◆ Data:
Segment Open

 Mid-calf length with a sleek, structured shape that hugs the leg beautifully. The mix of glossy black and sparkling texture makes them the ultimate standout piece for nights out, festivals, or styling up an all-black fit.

Segment Closed
Segment Open

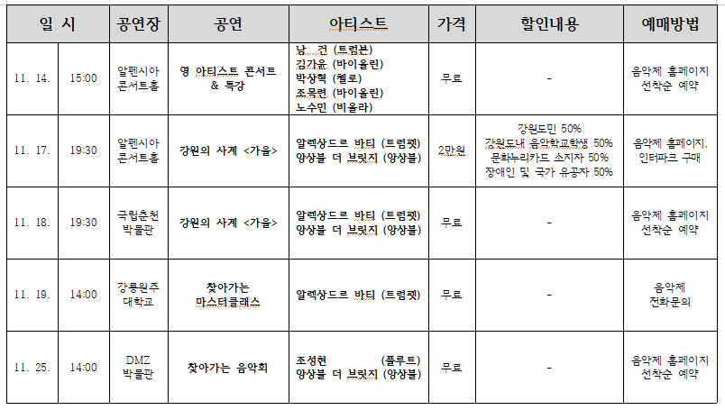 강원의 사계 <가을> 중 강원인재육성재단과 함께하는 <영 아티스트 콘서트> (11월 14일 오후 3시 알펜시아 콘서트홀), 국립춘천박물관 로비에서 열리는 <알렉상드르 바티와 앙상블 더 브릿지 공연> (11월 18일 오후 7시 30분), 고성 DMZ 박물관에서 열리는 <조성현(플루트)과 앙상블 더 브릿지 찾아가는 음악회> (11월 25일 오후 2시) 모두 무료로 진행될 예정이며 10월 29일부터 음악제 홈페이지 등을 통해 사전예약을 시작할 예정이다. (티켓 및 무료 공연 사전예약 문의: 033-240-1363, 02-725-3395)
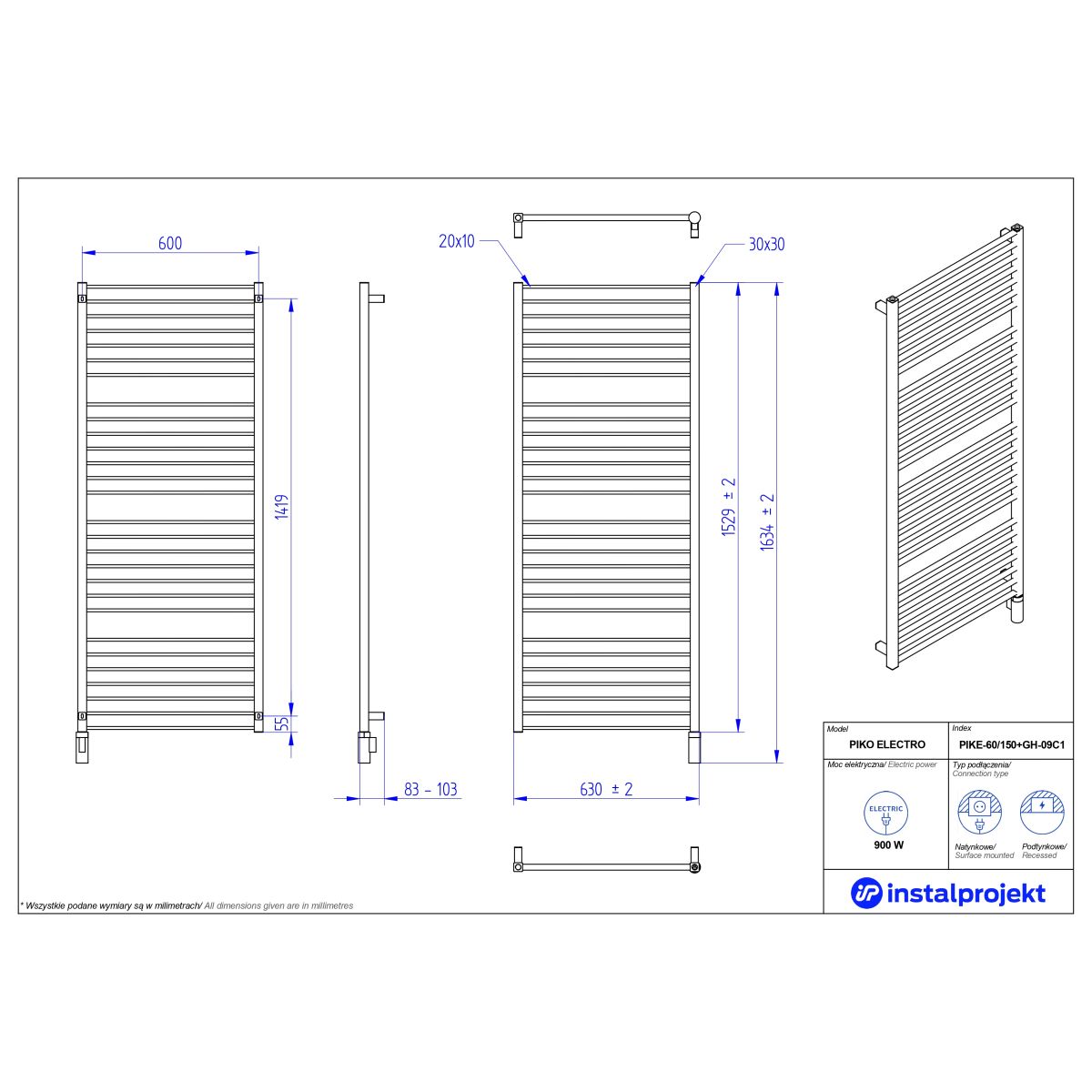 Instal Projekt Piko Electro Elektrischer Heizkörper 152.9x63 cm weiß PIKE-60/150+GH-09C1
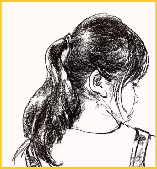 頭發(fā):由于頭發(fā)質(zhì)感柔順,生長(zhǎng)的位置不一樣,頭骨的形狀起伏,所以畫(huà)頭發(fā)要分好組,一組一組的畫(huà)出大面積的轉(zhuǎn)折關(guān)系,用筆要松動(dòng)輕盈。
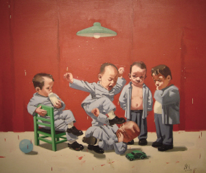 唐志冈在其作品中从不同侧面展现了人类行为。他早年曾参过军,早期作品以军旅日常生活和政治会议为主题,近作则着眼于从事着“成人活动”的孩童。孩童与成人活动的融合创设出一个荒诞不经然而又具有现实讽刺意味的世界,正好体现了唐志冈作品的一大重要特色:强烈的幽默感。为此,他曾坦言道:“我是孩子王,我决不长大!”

Segment Closed
Segment Open

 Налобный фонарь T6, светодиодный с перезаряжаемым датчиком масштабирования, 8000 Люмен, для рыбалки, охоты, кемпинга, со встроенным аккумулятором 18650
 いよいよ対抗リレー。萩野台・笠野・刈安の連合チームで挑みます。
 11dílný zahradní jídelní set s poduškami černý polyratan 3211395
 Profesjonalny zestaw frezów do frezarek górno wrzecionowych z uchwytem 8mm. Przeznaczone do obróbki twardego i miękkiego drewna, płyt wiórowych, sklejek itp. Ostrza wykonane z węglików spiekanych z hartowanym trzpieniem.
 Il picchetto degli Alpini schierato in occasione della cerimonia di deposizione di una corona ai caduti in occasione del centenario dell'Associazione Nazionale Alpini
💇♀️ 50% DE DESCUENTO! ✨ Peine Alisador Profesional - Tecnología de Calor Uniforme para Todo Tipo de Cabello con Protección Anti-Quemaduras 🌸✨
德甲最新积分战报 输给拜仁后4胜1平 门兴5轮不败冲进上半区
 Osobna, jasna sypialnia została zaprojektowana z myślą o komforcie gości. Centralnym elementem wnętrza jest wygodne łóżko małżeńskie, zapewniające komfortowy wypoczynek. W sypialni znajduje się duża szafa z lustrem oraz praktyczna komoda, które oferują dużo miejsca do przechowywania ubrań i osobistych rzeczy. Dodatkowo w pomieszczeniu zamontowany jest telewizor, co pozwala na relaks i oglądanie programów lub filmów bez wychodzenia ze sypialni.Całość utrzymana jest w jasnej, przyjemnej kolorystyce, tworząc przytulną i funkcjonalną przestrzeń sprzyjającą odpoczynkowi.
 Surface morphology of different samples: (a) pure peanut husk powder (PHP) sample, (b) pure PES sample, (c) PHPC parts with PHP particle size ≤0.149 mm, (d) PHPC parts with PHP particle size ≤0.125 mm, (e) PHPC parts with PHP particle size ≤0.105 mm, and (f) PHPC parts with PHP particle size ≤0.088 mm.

Segment Closed

◆ Task requirements:
If a line of the entries above holds the word "with", count it; report only how many such lines there are.

◆ Response for this exercise:
2